# Hermann's Outdoor Enclosure



## Puhko (Jul 30, 2015)

Here's my outdoor enclosure, what do you think?






My torts look pretty happy with it.


----------



## Careym13 (Jul 30, 2015)

That is really nice looking!


----------



## lismar79 (Jul 30, 2015)

I would live there  great job!


----------



## Puhko (Jul 31, 2015)

Morning food.


----------



## 4jean (Jul 31, 2015)

It looks really pretty. Is the house made from a basket?


----------



## Puhko (Jul 31, 2015)

4jean said:


> It looks really pretty. Is the house made from a basket?

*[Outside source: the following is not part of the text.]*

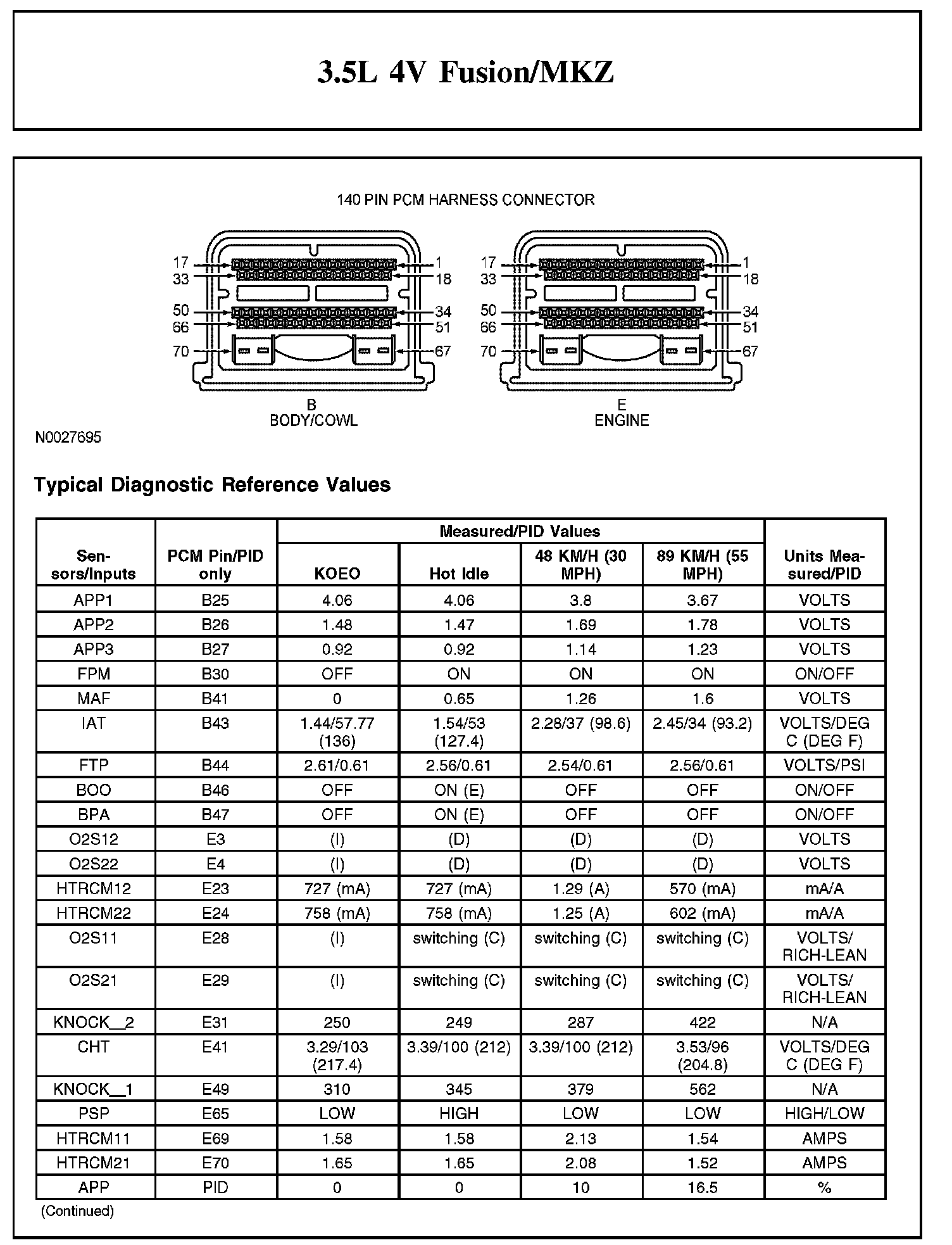Home >> Ford >> 2012 >> Fusion FWD V6-3.5L >> Repair and Diagnosis >> Powertrain Management >> Computers and Control Systems >> Testing and Inspection >> Scan Tool Testing and Procedures >> Typical Diagnostic Reference Values

Yeah it's a basket with a piece of metal as a roof.


----------



## Yvonne G (Jul 31, 2015)

Very nice!!


----------



## bouaboua (Jul 31, 2015)

Very nice indeed. I like it!!!


----------



## samsmom (Jul 31, 2015)

wonderful!


----------



## Puhko (Aug 2, 2015)

Munching on some Hibiscus


----------



## johnsonnboswell (Aug 2, 2015)

Very nice. You might want to change that water dish and use a plant saucer instead. Safer & less of a flip hazard.


----------



## Merrick (Aug 2, 2015)

Great job how many torts are in their and what are their sizes


----------



## Puhko (Aug 3, 2015)

johnsonnboswell said:


> Very nice. You might want to change that water dish and use a plant saucer instead. Safer & less of a flip hazard.


I used to have the saucer and have recently replaced it with the water dish and I've been watching them and putting it in the ground in a way it's pretty near impossible to flip, but will be keeping an eye on it.



Merrick said:


> Great job how many torts are in their and what are their sizes


I have 2, one is 9 cm and the other one is 8,3 cm.


----------



## SarahChelonoidis (Aug 4, 2015)

Puhko said:


> I used to have the saucer and have recently replaced it with the water dish and I've been watching them and putting it in the ground in a way it's pretty near impossible to flip, but will be keeping an eye on it.



I think when people talk about the flip hazard of those water dishes, they're not saying the dishes are easy to flip, but that it is easy for tortoises to flip themselves climbing in and out of the steep sides. Water dishes - like terracotta saucers - that have their tops level with the ground are considered to be the safest.


----------